Contrasting the American University in Cairo, a private university that charges $22,000 a year and has long catered to the country’s “economic, social and intellectual elite,” with the University of Cairo, whose 200,000 students pay no tuition, Ms. Anderson said “the base salary of A.U.C.’s custodians is higher than that of many professors at Cairo University — and so they charge students for private tutoring and for the reading materials they prepare and assign, thereby ensuring that a university education is not actually free. Universities, and their faculty and students, are trapped in a vicious cycle of inexpensive, low quality and not very enlightening education.”
“So, university life in Egypt was not fertile soil for creativity, inventiveness, courage, engagement, debate — that is, for what we saw in the 25th of January revolution,” Ms. Anderson said. “But something must have been, because it appeared.”
And now her own university’s privileged position means “we have a chance to put our fingers on the scales a little bit — if we can demonstrate that we are deeply committed to democracy and prosperity in Egypt,” she said.
In an interview, Ms. Anderson pointed to the university’s new relationship with its workforce as an example of the kind of influence she hoped to wield. “Staff have become more assertive,” she said. “Everyone from the people who maintain the grounds to skilled lab technicians. We sat in a room and we did collective bargaining and it was spectacular.”
Both Lisa Anderson and Santiago Iñiguez stressed the relevance of the liberal arts and humanities in helping students cope with the complexity of modern life. IE, which was founded as a private business school at the end of the Franco era by Diego del Alcázar, a media baron who is currently chairman of the Vocento group, has gradually developed into a full-scale university. With another campus in Segovia, Spain, IE University now offers degrees in communications, social science, architecture and biology as well as numerous business degrees, including an executive M.B.A. with Brown that emphasizes the liberal arts.
Mr. Iñiguez warned that universities that failed to grow or specialize would disappear. “You either become Wal-Mart, providing a social mission at a reasonable price — or a boutique.”

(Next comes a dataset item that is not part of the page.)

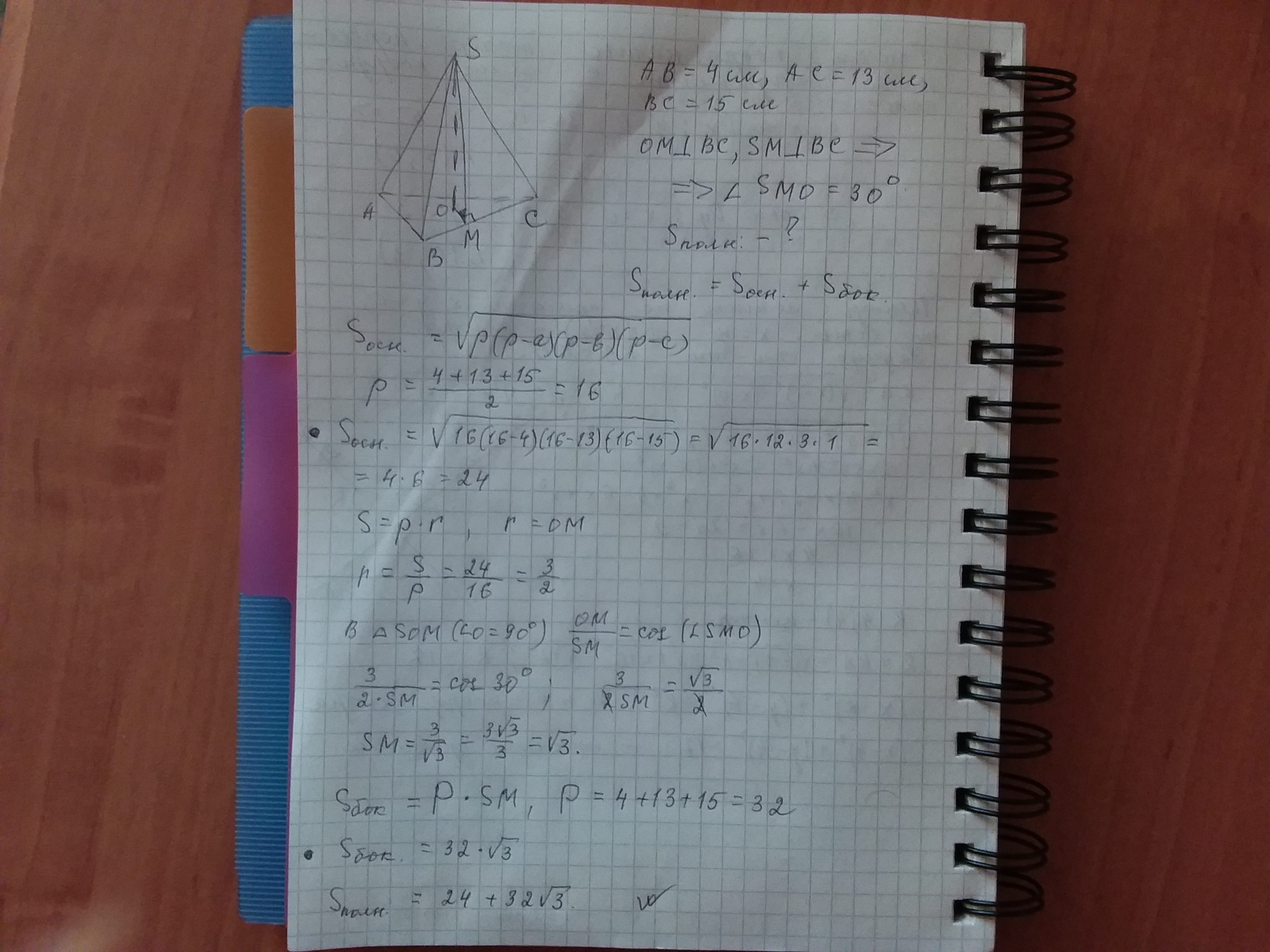 В основании пирамиды лежит треугольник со сторонами 4 см, 13 см, 15 см. Найдите площадь полной поверхности пирамиды, если двугранные углы при основании пирамиды равны 30◦

The comparison with retailing comes naturally to Mr. Iñiguez, whose new book, “The Learning Curve,” argues that educators have a lot to learn from business — and from business schools. “Being a good professional is not just about passion or changing the environment or being disruptive. You have to be able to manage your work effectively. You know when architecture isn’t managed properly, because you have to pay way over budget,” he said in an interview.
“My guess is that one day management will be taught in primary schools, like math or reading,” he continued. When that happens Mr. Iñiguez has a nominee to join the pantheon of management gurus like Peter Drucker or Steve Jobs: Monroe Stahr, the eponymous hero of F. Scott Fitzgerald’s novel “The Love of the Last Tycoon.” A soft-hearted Hollywood mogul, Monroe Stahr, writes Mr. Iñiguez, “is a literary compendium of the qualities required by a successful manager.”